═════ COLLECTED DATA

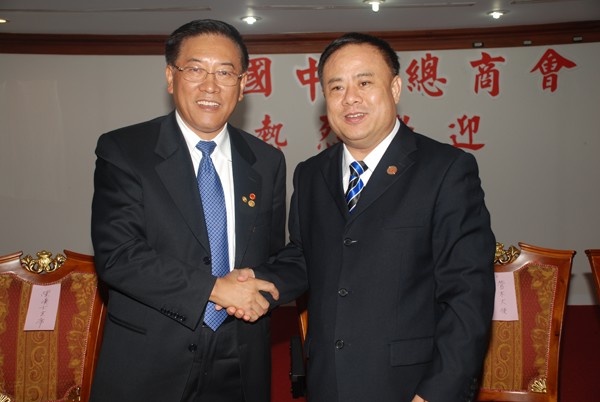 9月19日中国全国侨联主席林军阁下率中国侨联副秘书长林佑辉、广东侨联主席王荣宝、上海侨联副主席李 葳萍,中国侨联办公厅处长孔涛等访问泰国,中总、潮馆暨泰华各界联合举行公宴大会,图为本会会长李桂雄与林军主席在公宴大会上合影。
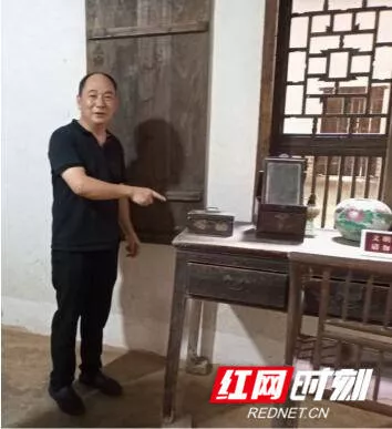 向弟良指着书桌上这个雕花木盒和镜子说:“这是杨开慧烈士英勇就义前用过的化妆盒和化妆镜。”
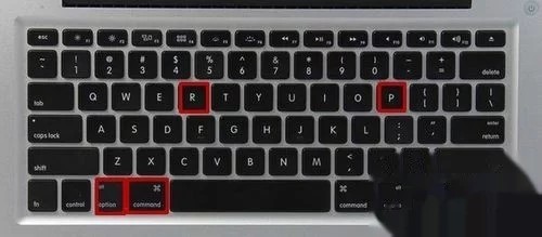 2. 在键盘上找到以下按键:Command (⌘)、Option、P 和 R。您需要在步骤 4 中同时按住这些键。
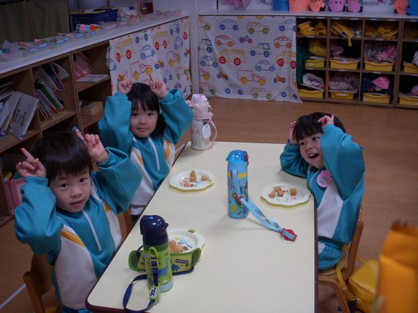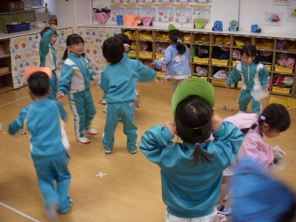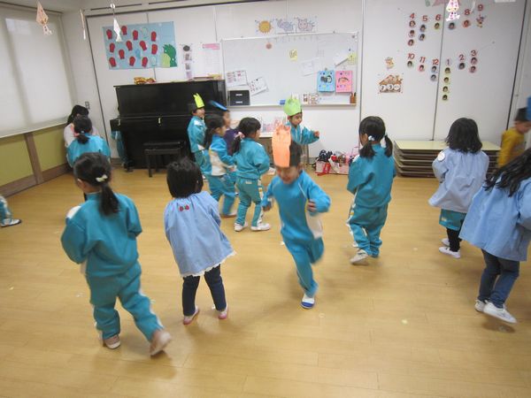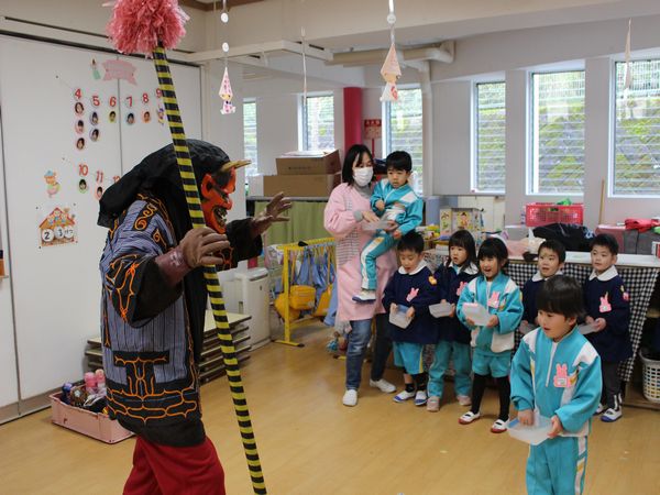 3日に豆まきをしました。自分の作ったお面を付けて、各クラスで豆を投げて楽しみました。豆の代わりに、お菓子をいただきました。その後…、本当の鬼がやってきました。怖がらずに豆を投げるお友達や、怖くて涙が出てしまったお友達もいましたが、みんなで鬼をやっつけて、強くなれました!

══════════

__ACTION ITEM__. The lines to repeat run from the line containing "2. 在键盘上找到以下按键:Command (⌘)、Option、P" through the last line of the material above; give them exactly, without the pictures.

__RESULT BELOW__.
 2. 在键盘上找到以下按键:Command (⌘)、Option、P 和 R。您需要在步骤 4 中同时按住这些键。
 3日に豆まきをしました。自分の作ったお面を付けて、各クラスで豆を投げて楽しみました。豆の代わりに、お菓子をいただきました。その後…、本当の鬼がやってきました。怖がらずに豆を投げるお友達や、怖くて涙が出てしまったお友達もいましたが、みんなで鬼をやっつけて、強くなれました!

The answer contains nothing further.